A cool new time-lapse video of Earth reveals how our planet has changed over the last two decades as NASA satellites continuously monitored the populations of plant life on land and in the oceans.
The video shows Earth "breathing" repetitiously as the seasons change throughout each year, with snow coverage on the North and South Poles periodically growing and shrinking while green regions of vegetation do the same.
Meanwhile, clouds of microscopic phytoplankton, a type of algae, bloom on the ocean's surface, where the tiny organisms turn water and carbon dioxide into oxygen and sugar as they bask in sunlight. [Earth's Plant Life from Space in Photos: NASA Satellite Images]
"These are incredibly evocative visualizations of our living planet," Gene Carl Feldman, an oceanographer at NASA's Goddard Space Flight Center in Greenbelt, Maryland, said in a statement. "That's the Earth, that is it breathing every single day, changing with the seasons, responding to the sun, to the changing winds, ocean currents and temperatures."
The visualization was created using data from Earth-observing satellites like NASA's Sea-viewing Wide Field-of-view Sensor (SeaWiFS) mission, which began collecting global ocean data in 1997, as well the space agency's Terra, Aqua and Suomi NPP weather satellites.

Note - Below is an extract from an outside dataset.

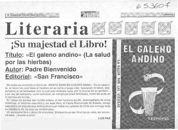 "El galeano andino" (La salud por las hierbas) [artículo] Luis Paz

Seeing how plant life all around the planet has changed over the last 20 years can help scientists and researchers investigate how ecosystems are responding to changing environmental conditions, NASA officials said in the statement.
For example, studies have shown that rising sea surface temperatures have impeded growth of phytoplankton, which means that there are fewer organisms in the ocean to remove carbon dioxide, a greenhouse gas that is the main driver of climate change.

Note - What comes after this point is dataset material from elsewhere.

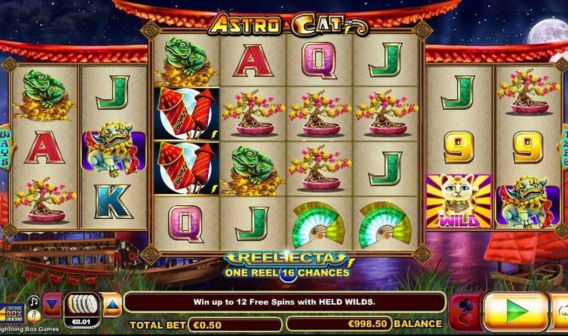 Astro Cat is een videoslot ontwikkeld door Lightning Box en heeft een Aziatisch thema met levendige kleuren en symbolen. Het spel bevat geen traditionele lijnen maar biedt 1296 manieren om te winnen dankzij de innovatieve Reelfecta reel. De achtergrond van de slot toont een serene rivier en een tempeldak onder een heldere nachtelijke hemel, wat zorgt voor een betoverende sfeer.

"The space-based view of life allows scientists to monitor crop, forest and fisheries health around the globe. But the space agency's scientists have also discovered long-term changes across continents and ocean basins," NASA officials said. "As NASA begins its third decade of global ocean and land measurements, these discoveries point to important questions about how ecosystems will respond to a changing climate and broad-scale changes in human interaction with the land."